He was expected. The lady received him with expressive signs of affection, and seating him, said:
“I have invited you here for your own good. You are poor; I wish to aid you. Do not be ashamed; speak to me frankly. What are your resources for living? Go into full particulars.”
Antón lowered his eyes and turned his hat around and around in his hands, until the lady again encouraged him:
“Go on; don’t be brief. Speak! boy.”
“Well then, lady,” answered the young man, hesitatingly, “I can’t say that it is so bad; I earn my twenty-five pesos a month.”

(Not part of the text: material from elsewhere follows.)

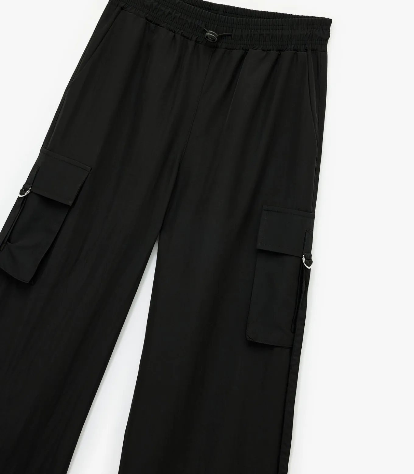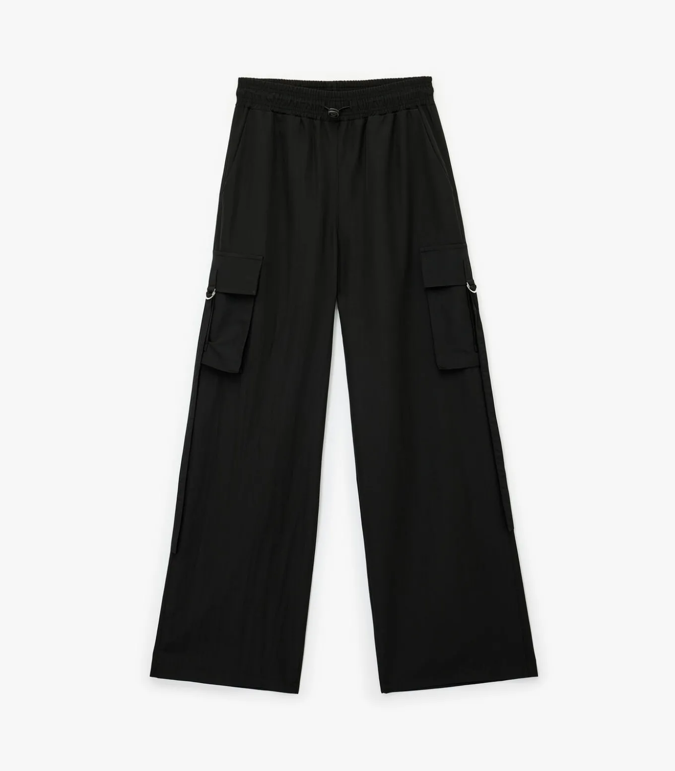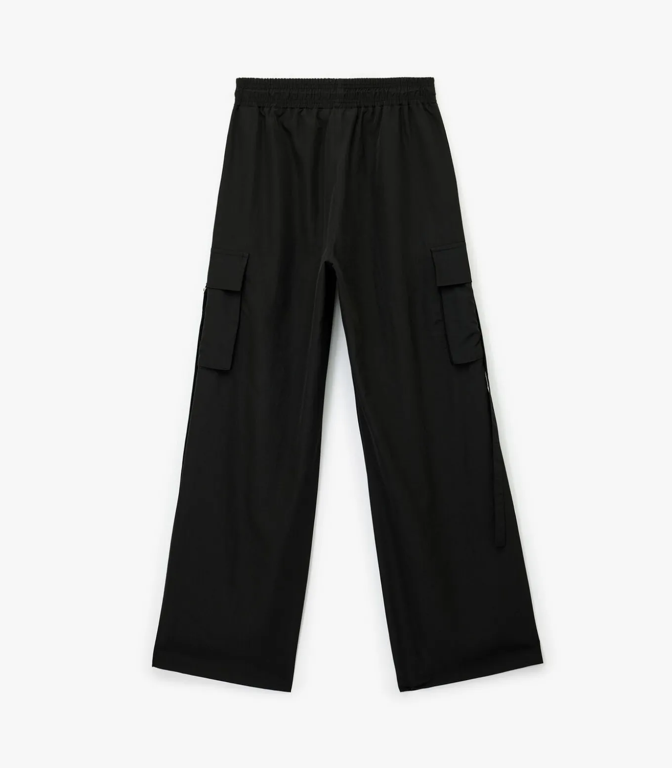 Deze zwarte broek biedt een moderne stijl met zijn hoge taille en zakdetails. Ideaal voor een casual look dankzij de wijde pijpen en het comfortabele ontwerp. Perfect te combineren met een eenvoudig T–shirt of een stijlvolle blouse voor verschillende gelegenheden.

“From what persons, you mean”—continued Antón, with somewhat greater frankness,—“why then, Don Ascencio Ajágan gives me ten pesos because, every night, I go there for a little while to make up his accounts and to write a letter or two. Master Collado pays me five pesos for the class in arithmetic, which I teach in the public school; another five, the receiver of taxes, who scarcely knows how to sign his name, pays me for balancing his accounts at the end of the month; and the other five the town treasurer gives me for doing the same.”
“That is not bad; but Collado and the collector pay you a miserable price.”
“The latter, perhaps, yes; but the other, no—he receives a salary of barely twenty-five. As much as I earn.”
“Ah, well! bid farewell to Master Collado and Ajágan, and the collector and the town treasurer, and enter my employ. La Ermita is wretchedly cared for; mayorsdomos succeed one another and all rob me. You shall go to La Ermita as manager, with house and table, horses for your use, servants to do your bidding—that is to say, as master, because you will command there; the twenty-five pesos per month, which you now earn by your varied labors, will continue to be paid you and in addition fifteen per cent of the annual income of the place. I am making you not a bad offer!”[22]